Frequently Asked Questions
- Why isn’t there a single global mempool shared by all nodes? +
- Because pending state is a networking and local‑policy problem, not a consensus problem: confirmation (what’s in the chain) is agreed by consensus, but which unconfirmed transactions a node has depends on when peers heard them, local admission/relay policies, and recent chain history, so nodes can legitimately have different mempools.
- How does the mempool determine transaction ordering and influence fees? +
- The mempool is where transactions compete for scarce block space, so nodes and miners typically order candidates by the parameters that best predict block revenue (feerate, gas parameters, tips) while also respecting dependencies; that local ordering directly shapes which transactions are attractive to include next.
- What can make a pending transaction disappear from a node’s mempool before it’s included in a block? +
- A transaction can leave a mempool because it was confirmed, explicitly replaced, evicted to free space, invalidated by a chain reorganization, or expired by chain‑specific freshness rules (for example Solana checks recent blockhash age); nodes generally revalidate pending transactions when the tip changes.
- How does replace‑by‑fee (RBF) work in practice, and why isn’t it simply 'the higher fee replaces the lower'? +
- Replacement is cluster‑aware and more than just “higher fee wins”: Bitcoin Core’s policy requires a replacement to improve the mempool’s feerate diagram (and typically to pay at least the total fees of what it replaces and cover relay bump), so nodes may reject replacements that don’t strictly improve expected block revenue; the exact tie‑breaking and measurement details are complex and not fully specified in high‑level docs.

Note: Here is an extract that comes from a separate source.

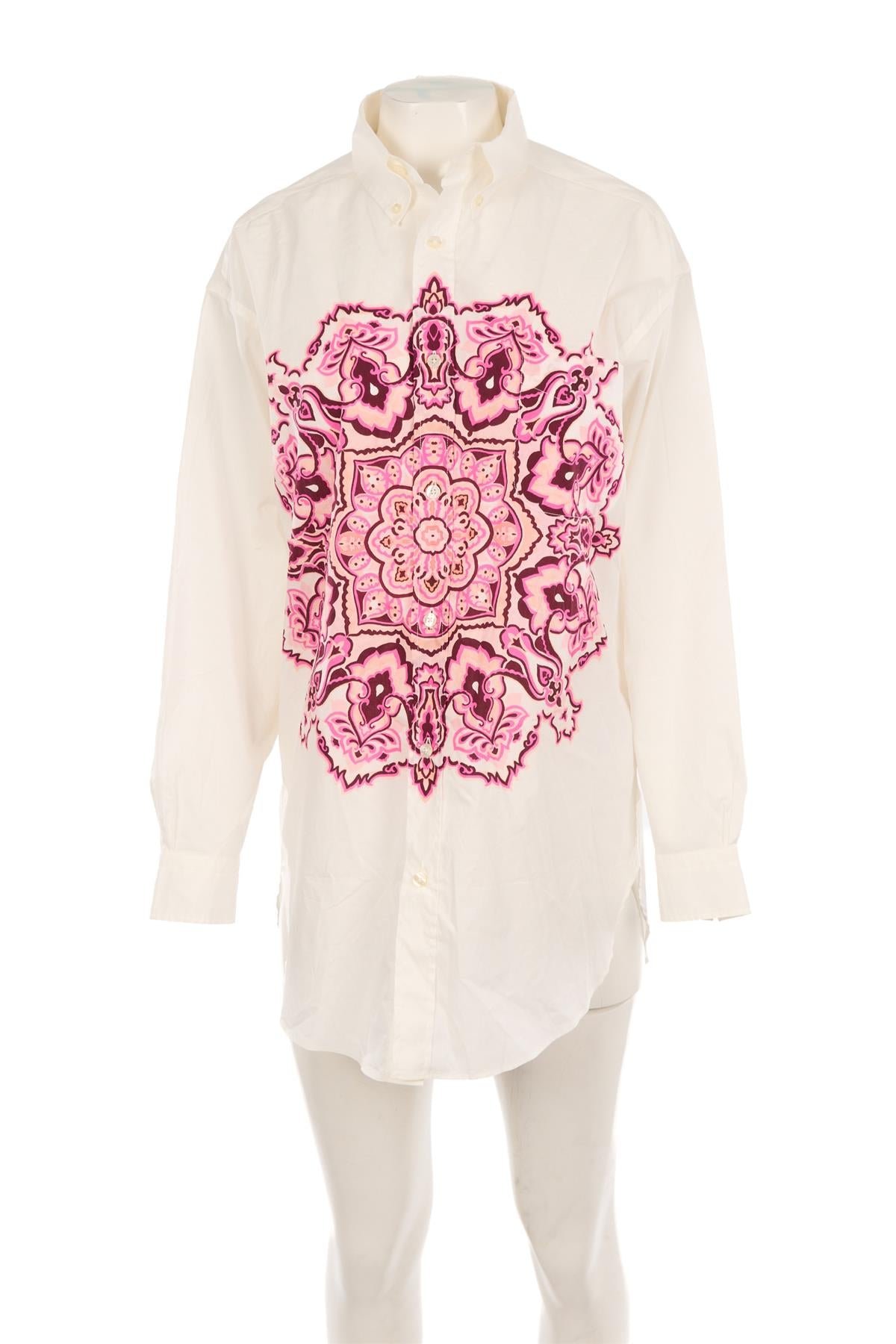 Etro White Cotton Shirt. White. Long Sleeve. Crewneck. Button fastening - Front. 97% Cotton, 3% Elastane. Small (UK 8, US 4, FR 36, IT 40). Bust: 46 in. Waist: 42 in. Hips: 43 in. Length: 34 in.

- How do mempool designs differ between UTxO‑based blockchains (like Bitcoin) and account‑based chains (like Ethereum)? +
- UTxO chains emphasize input‑spending dependencies (parent/child clusters and ancestor/descendant tracking), while account‑based chains emphasize per‑account sequencing (nonces) and often expose separate pending/queued or ready/future queues; mempool structures and policies are designed around those differing constraints.

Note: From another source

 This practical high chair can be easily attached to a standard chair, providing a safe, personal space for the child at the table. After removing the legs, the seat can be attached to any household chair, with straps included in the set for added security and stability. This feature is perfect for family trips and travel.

- Does mempool visibility create MEV, and how do private relays (like Flashbots) change that dynamic? +
- Public mempools expose users’ pending intents and so enable frontrunning, sandwiching, and other MEV strategies; private submission channels and bundle relays (for example Flashbots) aim to reduce some public‑mempool predation but change who sees and can profit from order flow, creating tradeoffs between openness and protection.
- What happens when a node’s mempool fills up — how are transactions evicted and what policies prevent churn? +
- When demand exceeds capacity nodes evict low‑value transactions; Bitcoin Core removes the 'worst' chunk (per its cluster ordering), raises a rolling minimum feerate to prevent immediate re‑entry (the floor decays over time), and enforces cluster size limits (e.g., clusters must not exceed 64 transactions or 101 kVb), though exact eviction selection heuristics have implementation nuances.
- Are mempool transactions preserved when a node restarts, or do they get lost? +
- Persistence across restarts is implementation‑dependent rather than protocol‑mandated: some clients may drop pending transactions on shutdown (the Cardano Haskell reference discards them), while others may persist some state, so you cannot assume mempool contents survive a node restart unless the client documents that behavior.